_REQUIRED ACTION_
Each record below should be reproduced as it is written, with pictures left out entirely.

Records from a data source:

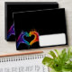 From the vibrant “Heart of Pride” collection, this wedding envelope radiates inclusivity, artistry, and celebration from the very first glance. The front showcases the signature Heart of Pride artwork — two brilliantly colored hands forming a glowing heart against a deep black background — creating a bold, meaningful introduction to your wedding suite.
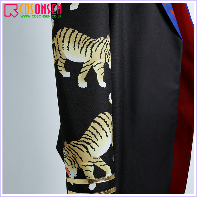 ポリエステルツイルで製作しています。フードが付いています。袖に虎の模様がプリントされて、金色のラインを縫い付けています。
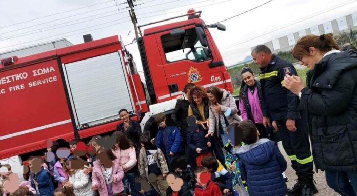 Μία διαφορετικού τύπου επίσκεψη δέχθηκαν το πρωί της Τρίτης 21 Μαρτίου τα παιδιά του 4ου Νηπιαγωγείου Αιγίου! Πιο συγκεκριμένα, στο προαύλιο του σχολείου βρέθηκε κλιμάκιο της Πυροσβεστικής Υπηρεσίας Αιγίου, που αποτελείτο από δύο άνδρες και μία γυναίκα μαζί με πυροσβεστικό όχημα, μία ενέργεια που έγινε στο πλαίσιο των Εργαστηρίων Δεξιοτήτων και Δραστηριοτήτων που υλοποιούνται από το Νηπιαγωγείο για την προστασία του δάσους.
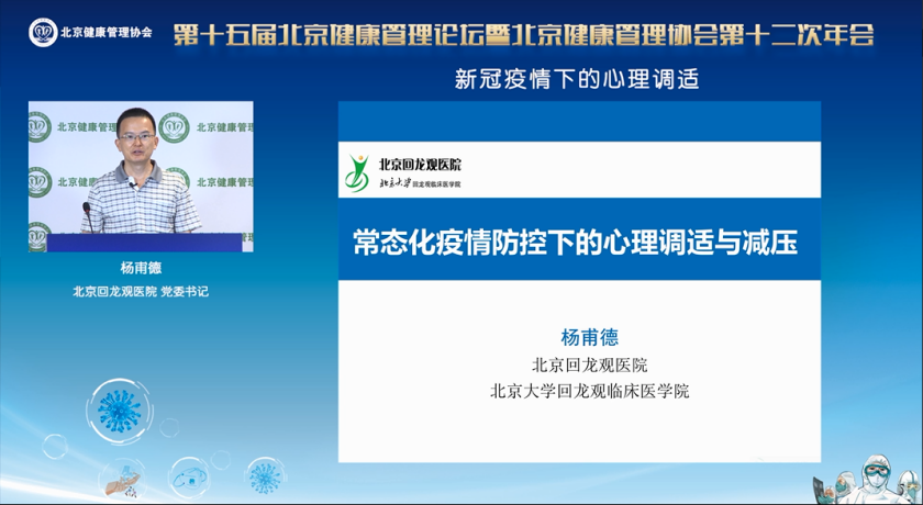 报告主题:《常态化疫情防控下的心理调适与减压》主讲:北京回龙观医院院长杨甫德
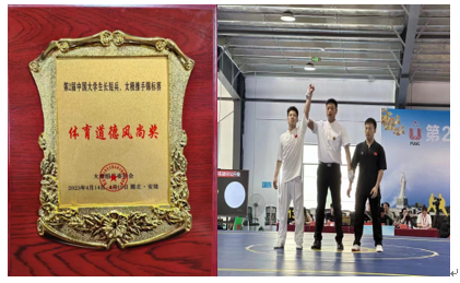 我院太极推手队员们敢打敢拼、奋勇争先、文明竞赛的精神得到了大赛组委会的高度认可,被评为“体育道德风尚奖”;带队老师刘志兰荣获“优秀教练员”的光荣称号;参赛选手谢鸿获“优秀运动员”的荣誉称号。
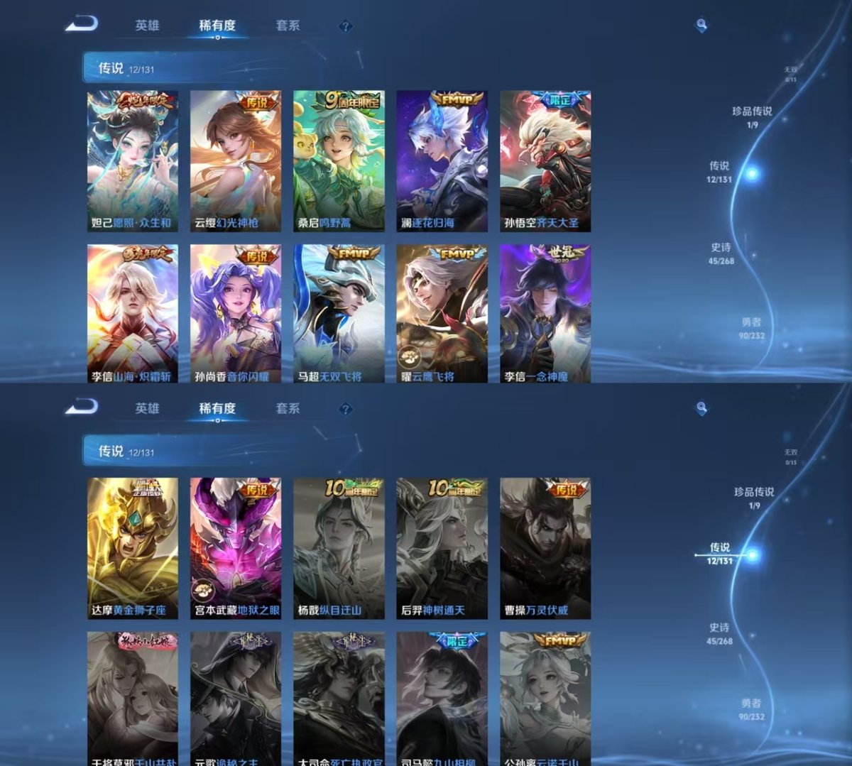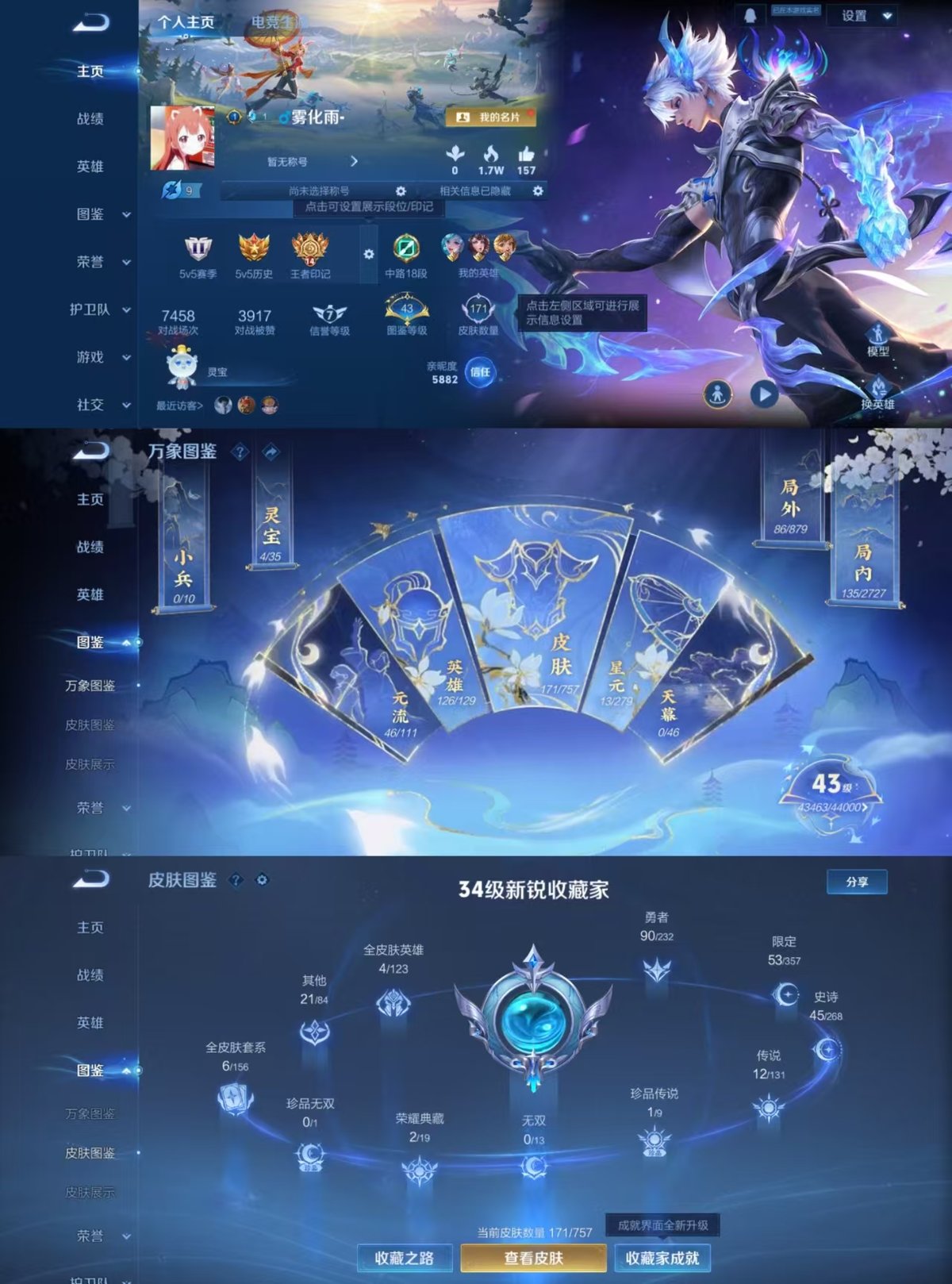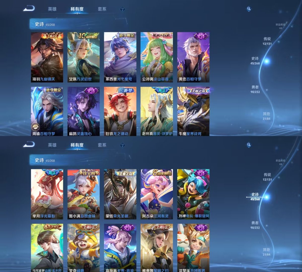 126英雄-171皮肤-实名: 可修改 贵族等级: v7 英雄数: 126 皮肤数: 171 荣耀水晶: 鸣剑·曳影弑呛猎影 珍品传说: 器灵·落星盏 传说皮: 黄金狮子座云鹰飞将一念神魔地狱之眼无双飞将音你闪耀山海·炽霜斩澜逐花归海幻光神呛 限定皮: 梁祝山海·玄木吟齐天大圣鸣野蒿愿照·众生和

_FINISHED EXERCISE_
 From the vibrant “Heart of Pride” collection, this wedding envelope radiates inclusivity, artistry, and celebration from the very first glance. The front showcases the signature Heart of Pride artwork — two brilliantly colored hands forming a glowing heart against a deep black background — creating a bold, meaningful introduction to your wedding suite.
 ポリエステルツイルで製作しています。フードが付いています。袖に虎の模様がプリントされて、金色のラインを縫い付けています。
 Μία διαφορετικού τύπου επίσκεψη δέχθηκαν το πρωί της Τρίτης 21 Μαρτίου τα παιδιά του 4ου Νηπιαγωγείου Αιγίου! Πιο συγκεκριμένα, στο προαύλιο του σχολείου βρέθηκε κλιμάκιο της Πυροσβεστικής Υπηρεσίας Αιγίου, που αποτελείτο από δύο άνδρες και μία γυναίκα μαζί με πυροσβεστικό όχημα, μία ενέργεια που έγινε στο πλαίσιο των Εργαστηρίων Δεξιοτήτων και Δραστηριοτήτων που υλοποιούνται από το Νηπιαγωγείο για την προστασία του δάσους.
 报告主题:《常态化疫情防控下的心理调适与减压》主讲:北京回龙观医院院长杨甫德
 我院太极推手队员们敢打敢拼、奋勇争先、文明竞赛的精神得到了大赛组委会的高度认可,被评为“体育道德风尚奖”;带队老师刘志兰荣获“优秀教练员”的光荣称号;参赛选手谢鸿获“优秀运动员”的荣誉称号。
 126英雄-171皮肤-实名: 可修改 贵族等级: v7 英雄数: 126 皮肤数: 171 荣耀水晶: 鸣剑·曳影弑呛猎影 珍品传说: 器灵·落星盏 传说皮: 黄金狮子座云鹰飞将一念神魔地狱之眼无双飞将音你闪耀山海·炽霜斩澜逐花归海幻光神呛 限定皮: 梁祝山海·玄木吟齐天大圣鸣野蒿愿照·众生和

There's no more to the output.